Maureen Dowd: Donald Trump has struck gold – or Goldman Sachs – with his appointment of Wall Street hedge fund guy and cable TV diva Anthony Scaramucci as White House communications director.
Frank Bruni: Jared Kushner leaves fingerprints and throws his weight around, then floats above it all. No wonder the president’s lawyers are fed up with him.
Nicholas Kristof: Jared Kushner should not be working in the White House, and he should not have a security clearance.
E.J. Dionne Jr.: Donald Trump appointed a presidential commission solely to justify an offhand lie about illegal votes.

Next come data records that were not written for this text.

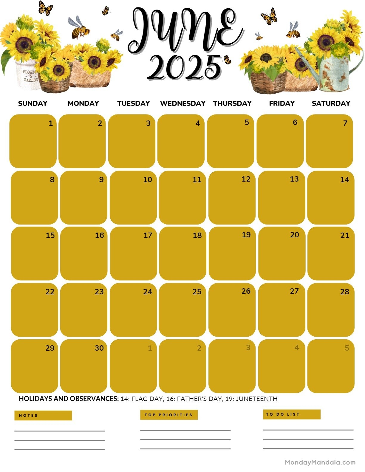 From marking important dates to jotting down to-do lists, the Sunflower June 2025 Calendar offers you a practical and stylish way to stay on top of your schedule. With ample space for notes and reminders, you can customize your calendar to suit your needs and preferences.
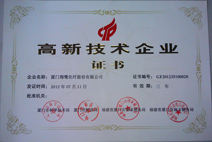 祝賀翔鷺化纖榮獲“高新技術(shù)企業(yè)”“納稅特大戶”稱號(hào)根據(jù)《高新技術(shù)企業(yè)認(rèn)定管理辦法》和《高新技術(shù)企業(yè)認(rèn)定管理工作指引》有關(guān)規(guī)定及全國高新技術(shù)企業(yè)認(rèn)定管理工作領(lǐng)導(dǎo)小組辦公室《關(guān)于廈門市2012年第二批高新技術(shù)企業(yè)復(fù)審備案申請的復(fù)函》現(xiàn)確認(rèn)廈門翔鷺化纖股份有限公司為高新技術(shù)企業(yè),頒發(fā)“高新技術(shù)企業(yè)證書”授予“高新技術(shù)企業(yè)”稱號(hào)。
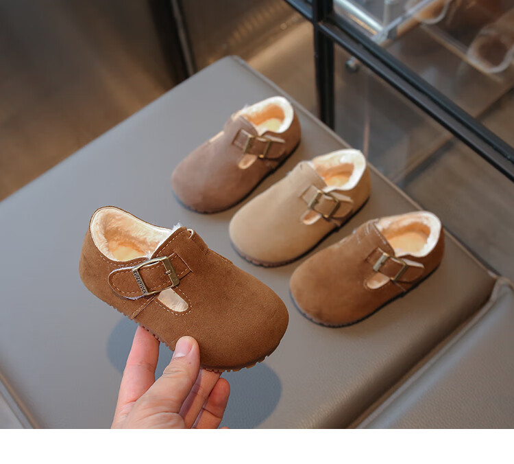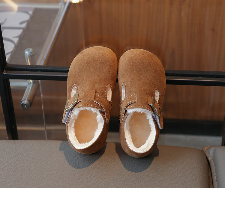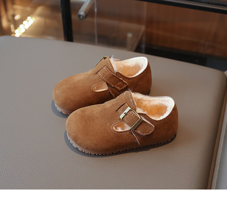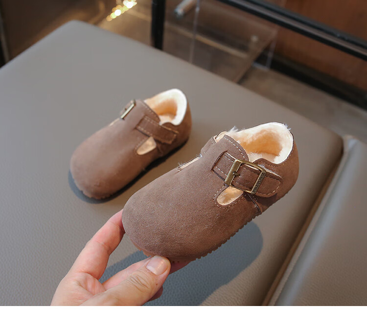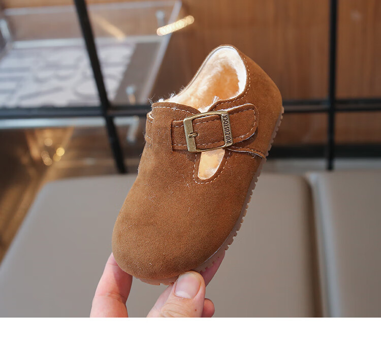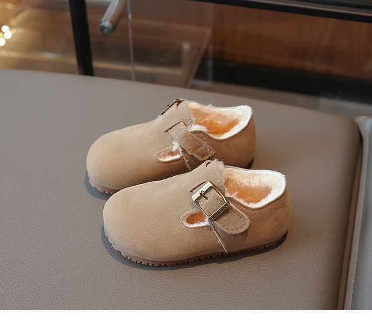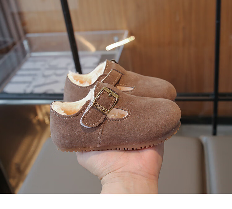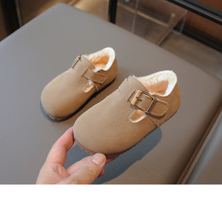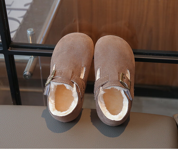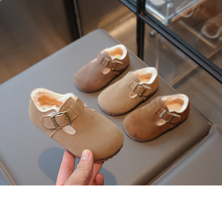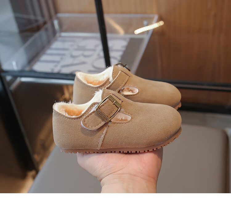 Children's Birkenstock shoes for girls 2025 spring, autumn and winter new style second cotton soft bottom baby bean plus velvet shoes single shoes leather shoes khaki color size 23 inner length 14.4cm
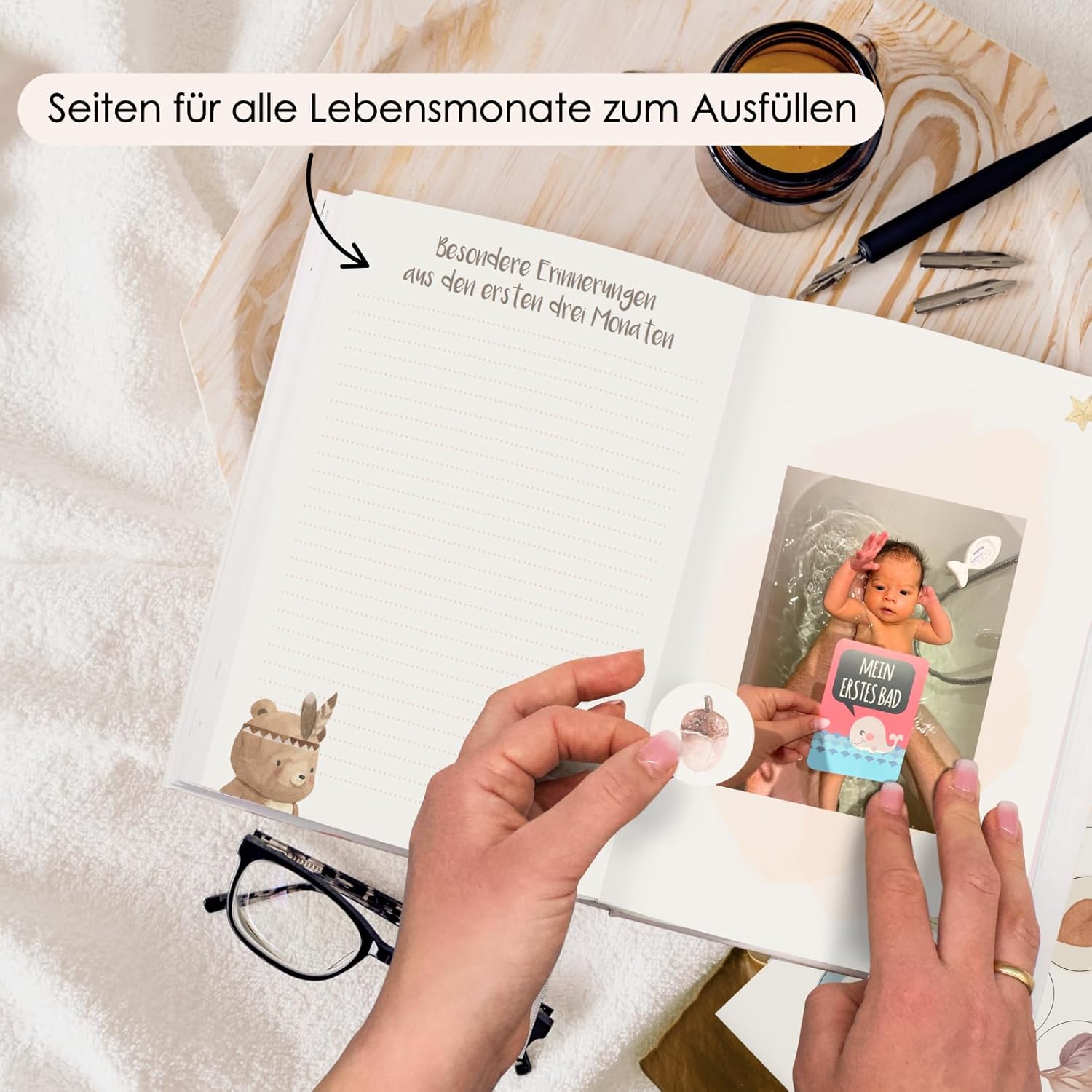 Cozy Racoon Babyalbum 'Mein erstes LebensJahr' - Boho Tiere Design mit 158 Stickern
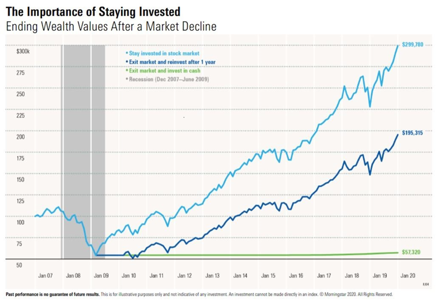 We have also provided for your reference below analysis provided by Morningstar, another well respected investment research house that have shown the differing impact of “staying invested”, “going to cash and statying there” and “going to cash and attempting to get back into the market – 1 year later”. This is just one illustration of much analyses that demonstrate that “staying invested” as part of a well crafted, heavily diversified portfolio with adequate orienation to defensive assets is the preferred strategy to preserve your wealth.
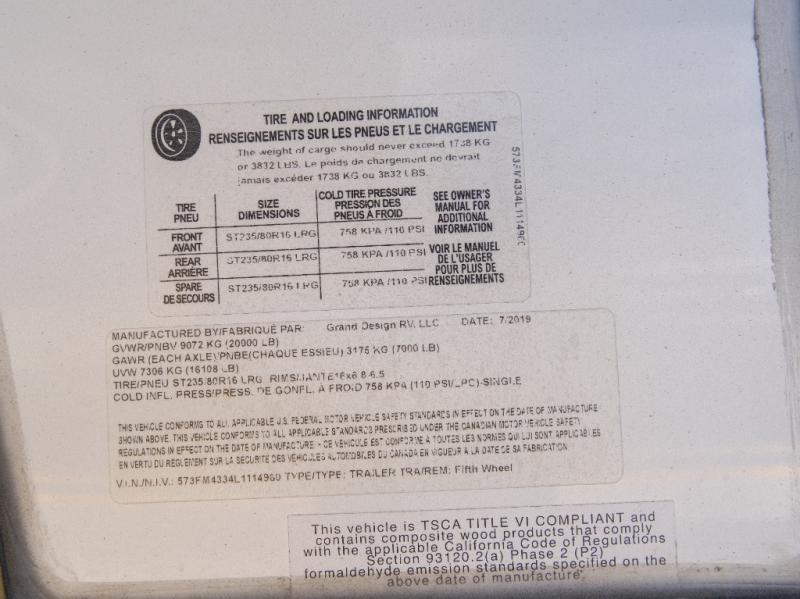 Used 2020 Grand Design Momentum 376TH Toy Hauler Fifth Wheel
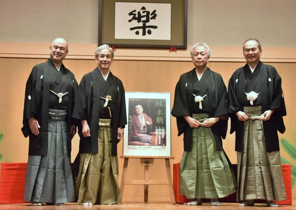 (左から)笑福亭生喬、桂米団治、桂米二、笑福亭仁智上方落語協会は30日、大阪・天満天神繁昌亭で「桂米朝 生誕百周年ウイーク」(10月20~26日)と「文化勲章受章 桂米朝 生誕百年記念月間」(11月3~30日)の開催を発表した。

And now that this body exists, it will almost certainly try to find ways to rationalize purging legitimate voters from the rolls and erecting yet more barriers to voting.
Timothy Egan: For a time, the Kootenai National Forest fell into the wrong hands. The barbarians nearly destroyed a land that was meant to remain a place of wonder for our children’s children’s children.
Paul Krugman: The reason the assault on Obamacare failed wasn’t that Donald Trump did a poor selling job or that Mitch McConnell mishandled the legislative strategy. Obamacare survived because it brought about a dramatic reduction in the number of Americans without health insurance, and voters didn’t and don’t want to lose those gains.
Ruben Navarrette: The original DREAM Act was the epitome of elitism before that was even a political talking point. The new bill has a requirement that recipients speak English and know U.S. history. Great idea. But shouldn’t we start by demanding those things from native-born U.S. citizens?
Kathleen Parker: Alan Shearer has managed to ignore the wailing, weeping and lamentations of his devoted cadre of columnists and cartoonists.
Leonard Pitts Jr.: The hypocrisy is staggering. Scientific consensus isn’t enough to convince the president and his party to get serious about climate change. Meantime, a few dubious anecdotes of voting irregularities get us a presidential commission investigating a “problem” that does not exist.
“ ... he was a minority and I was afraid to call 911 for fear the police would kill or injure him. What a sad situation we’ve come to.” John Wagner, Sacramento
Taylor Batten, Charlotte Observer: Mr. Trump, meet Justices Brennan, Brandeis: Tireless questioning of government officials, from Trump on down, should not pit Democrats versus Republicans; it should pit those who want authoritarian rule against the rest of us.